You are overwriting n on each iteration of the loop

Edit:

@Parfait commented that we shouldn't use assign if we can avoid it, and he is right (e.g. why-is-using-assign-bad)

This does not use assign and puts the data in a neat list:

files <- c("file1.xlsx","file2.xlsx")
names <- c('name1','name2')

result <- list()
for (i in seq_along(files)) {
  result[names[i]] <- read_excel(path = files[i]))
}

Old and not recommended answer (only left here for transparency reasons):

We can use assign to use a character string as variable name:

files <- c("file1.xlsx","file2.xlsx")
names <- c('name1','name2')

for (i in seq_along(files)) {
  assign(names[i], read_excel(path = files[i]))
}
dario
  • 6,415
  • 2
  • 12
  • 26
  • 1
    This won't work as it stands because of the double loop. `file2.xlsx` would be written to both `name1` and `name2`. – Miff Mar 04 '20 at 14:08
  • @Miff Thanks good catch!
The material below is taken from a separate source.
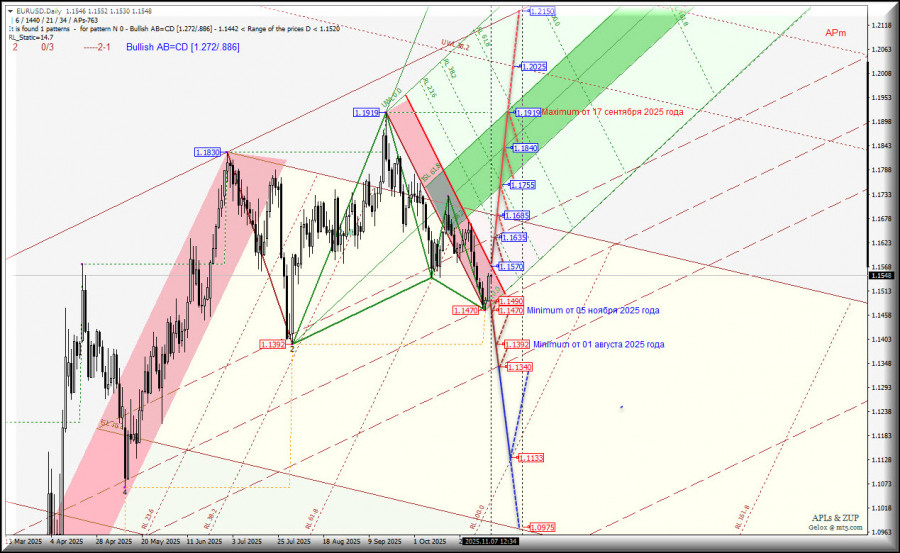 Операционный масштаб Minor (таймфрейм Daily)EUR/USD - Daily - обзор вариантов движения с 10 ноября 2025 г.Предыдущий обзор Euro vs US Dollar (таймфрейм h4) от 05.11.2025 г. 14:51____________________Euro vs US DollarЕдиная европейская валюта - EUR/USD-Daily - с 10 ноября 2025 года продолжит движение в канале 1/2 Median Line (1.1340 - 1.1490 - 1.1635) вил старшего операционного масштаба Minor-Daily , а направление этого движения будет зависеть от отработки и направления пробоя диапазона:- уровень сопротивления 1.1570 на границе красной зоны RZL вил младшего операционного масштаба Minute-h4;

I edited my answer – dario Mar 04 '20 at 14:09
  • 3
    `assign` is nearly same as `attach` as methods in R to avoid. – Parfait Mar 04 '20 at 14:17
  • @Parfait Thank you for your comment. I tried to account for it in my edit. – dario Mar 04 '20 at 14:24
  • 2
    The edit (using a pre-allocated `result <- list()`) is *much* better, addressing the biggest mistakes in efforts like this: (1) no "growing objects"; (2) no use of `get` and/or `assign`. @dario, if you're going to keep the original answer, would you consider moving it to the end so that the preferred answer is first? – r2evans Mar 04 '20 at 15:05
1

An alternative is to loop through all Excel files in a folder, rather than a list. I'm assuming they exist in some kind of folder, somewhere.

# load names of excel files 
files = list.files(path = "C:/your_path_here/", full.names = TRUE, pattern = ".xlsx")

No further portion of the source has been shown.